The platform implements a fail-closed security model: missing or invalid credentials deny access, never bypass. Personas are default-deny, Trino and S3 support enforced read-only mode, and metadata is sanitized against prompt injection. See the Auth Overview and MCP Defense: A Case Study in AI Security for the architecture rationale.

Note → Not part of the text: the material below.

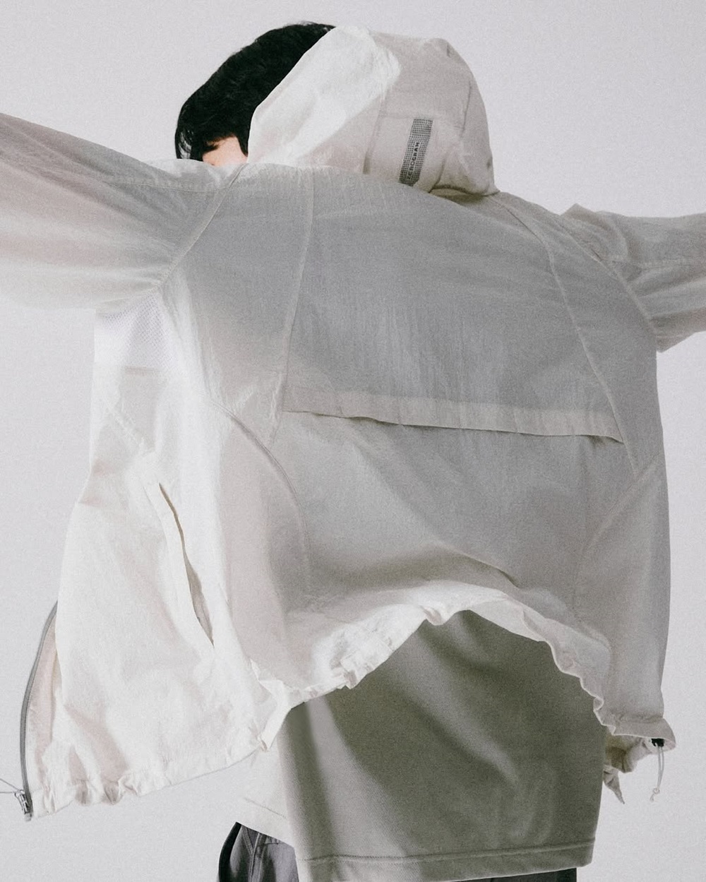 這次發表的兩款輕量型外套,不僅方便進行各種戶外活動,設計上也極具機能性。外套內部巧妙配置了網布材質,有效促進內部空氣流通,防止運動過程中體溫過高。此外,採用經過特殊加工處理的高密度 30D 尼龍「Mitchell布料」,大幅減少布料與肌膚的接觸面積,即使在濕熱環境中,也能減輕汗水造成的黏膩不適感。布料同時具備防潑水加工與抗皺處理,即便遇到小雨也能輕鬆應對。
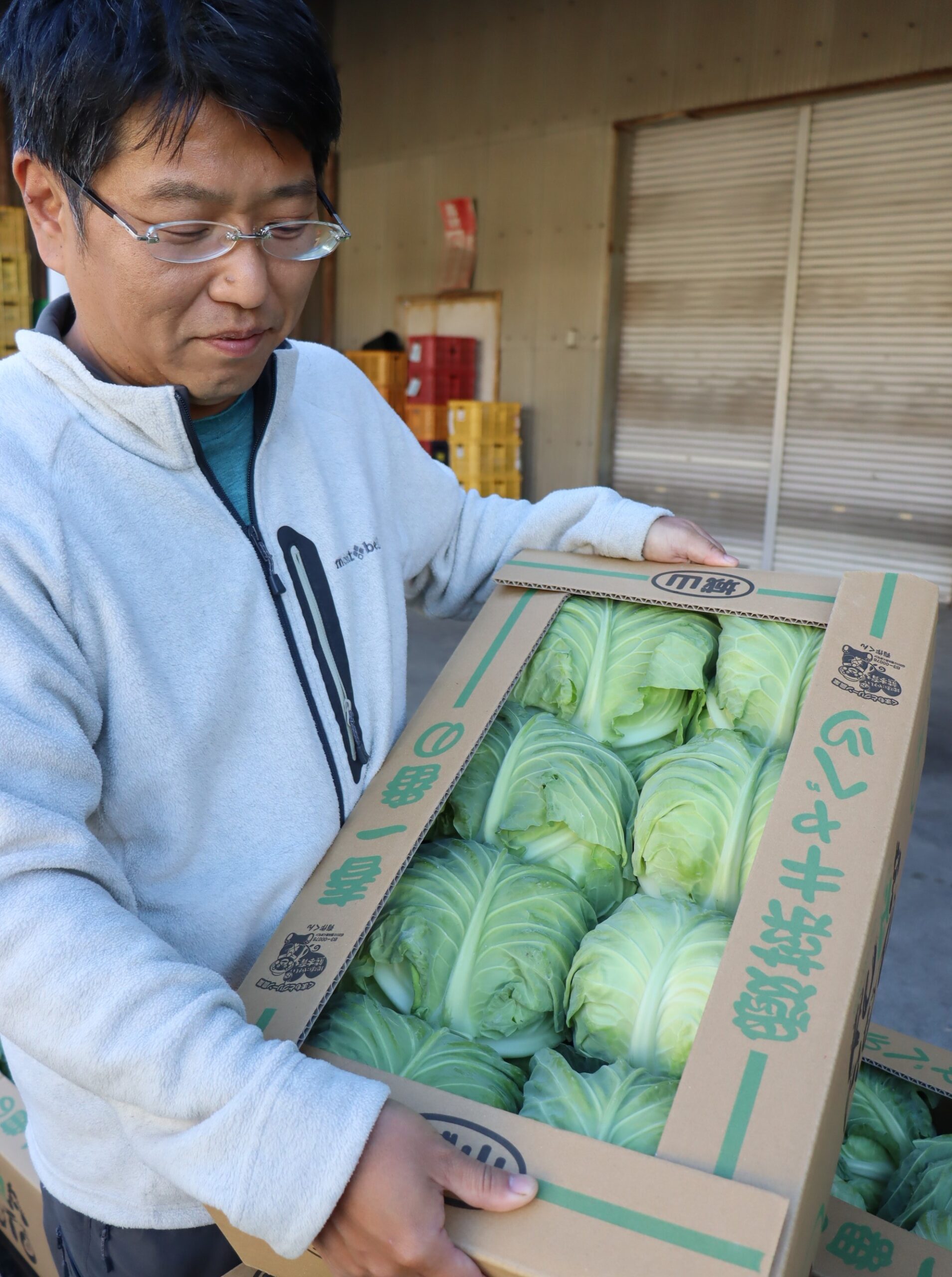 荷受けしたキャベツを確認する下村部会長

| Transport | Authentication | TLS |
|---|---|---|
| stdio | Not required (local execution) | N/A |
| HTTP | Required (Bearer token or API key) | Strongly recommended |
mcp-data-platform is the orchestration layer for a suite of open-source MCP servers that also run standalone:
- txn2/mcp-datahub: DataHub metadata: search, lineage, glossary, domains, tags, ownership
- txn2/mcp-trino: Trino distributed SQL with configurable timeouts and row limits
- txn2/mcp-s3: S3 object storage: buckets, prefixes, objects, presigned URLs
See Ecosystem for how they compose.
Full documentation lives at mcp-data-platform.txn2.com.
- Server Guide: architecture, configuration, deployment
- Cross-Enrichment: how automatic enrichment works
- Authentication: OIDC, API keys, OAuth 2.1
- Knowledge Capture and Memory: the agent knowledge loop
- Go Library: build custom MCP servers
- Tools API Reference: complete tool specifications
- Examples Gallery: real-world configurations
- Troubleshooting: common issues and debugging
go build -o mcp-data-platform ./cmd/mcp-data-platform # build
go test -race ./... # tests
make verify # full CI-equivalent suiteContributions for bug fixes, tests, and documentation are welcome. Please run make verify (formatting, race-detected tests, coverage, linting, security scanning) before opening a pull request.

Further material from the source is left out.